§ **YOUR OBJECTIVE**
Pictures in the records below must be left out. Return exactly the lines from the line with "System Prompt 或过滤敏感工具。" to the line with "Enhance your style", both included.
[INPUT — start]
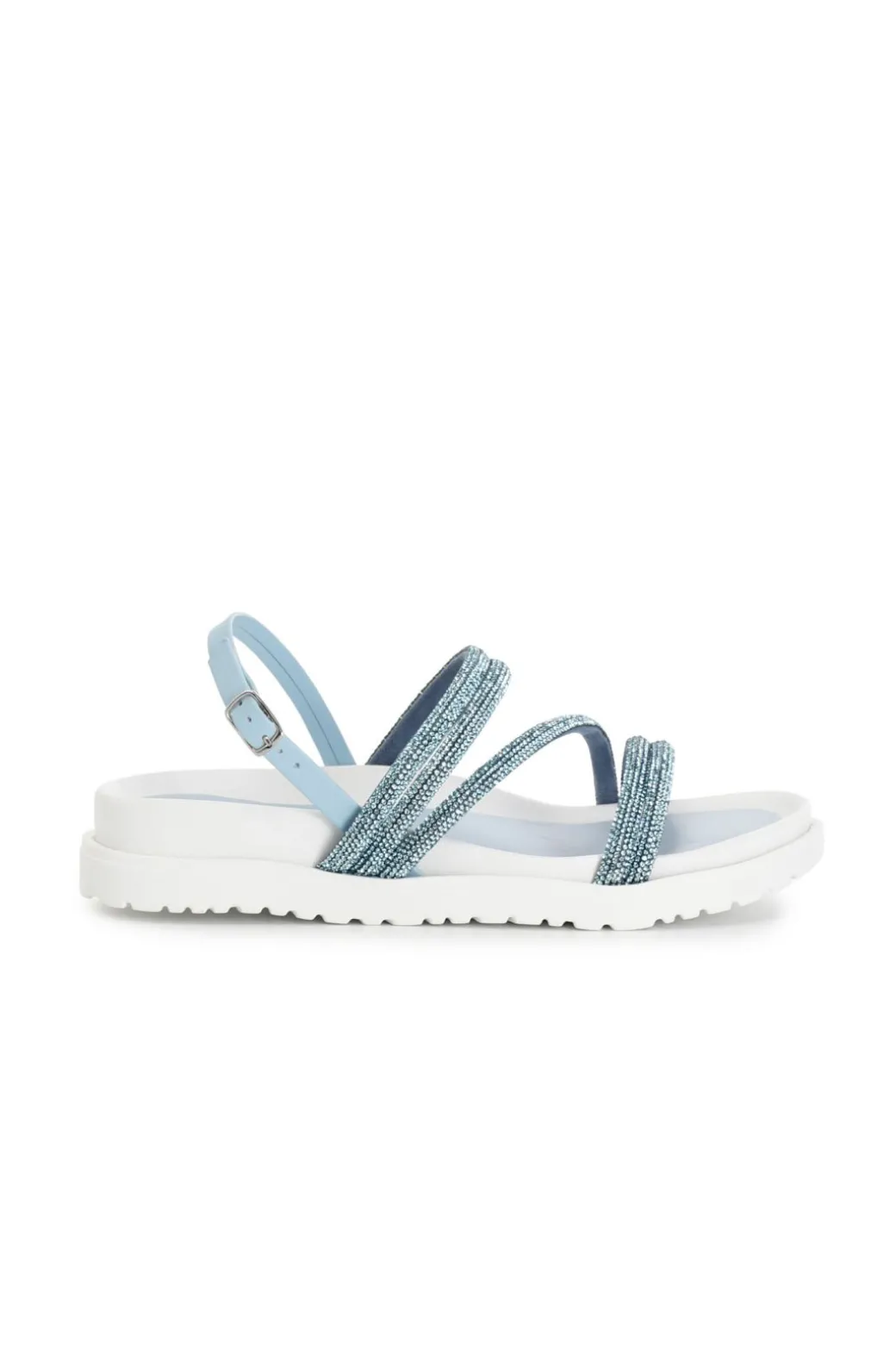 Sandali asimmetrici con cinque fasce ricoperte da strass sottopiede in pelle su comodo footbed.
[INPUT — finish]
[INPUT — start]
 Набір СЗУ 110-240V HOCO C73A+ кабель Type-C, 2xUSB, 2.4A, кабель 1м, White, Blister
[INPUT — finish]
[INPUT — start]
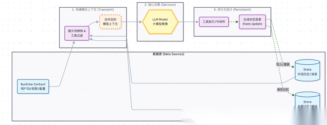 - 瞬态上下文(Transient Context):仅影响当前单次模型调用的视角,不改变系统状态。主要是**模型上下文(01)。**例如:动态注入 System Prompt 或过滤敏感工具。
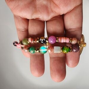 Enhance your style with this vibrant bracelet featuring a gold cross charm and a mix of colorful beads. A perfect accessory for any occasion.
[INPUT — finish]
§ **RESULT FOR THIS EXERCISE**
 - 瞬态上下文(Transient Context):仅影响当前单次模型调用的视角,不改变系统状态。主要是**模型上下文(01)。**例如:动态注入 System Prompt 或过滤敏感工具。
 Enhance your style with this vibrant bracelet featuring a gold cross charm and a mix of colorful beads. A perfect accessory for any occasion.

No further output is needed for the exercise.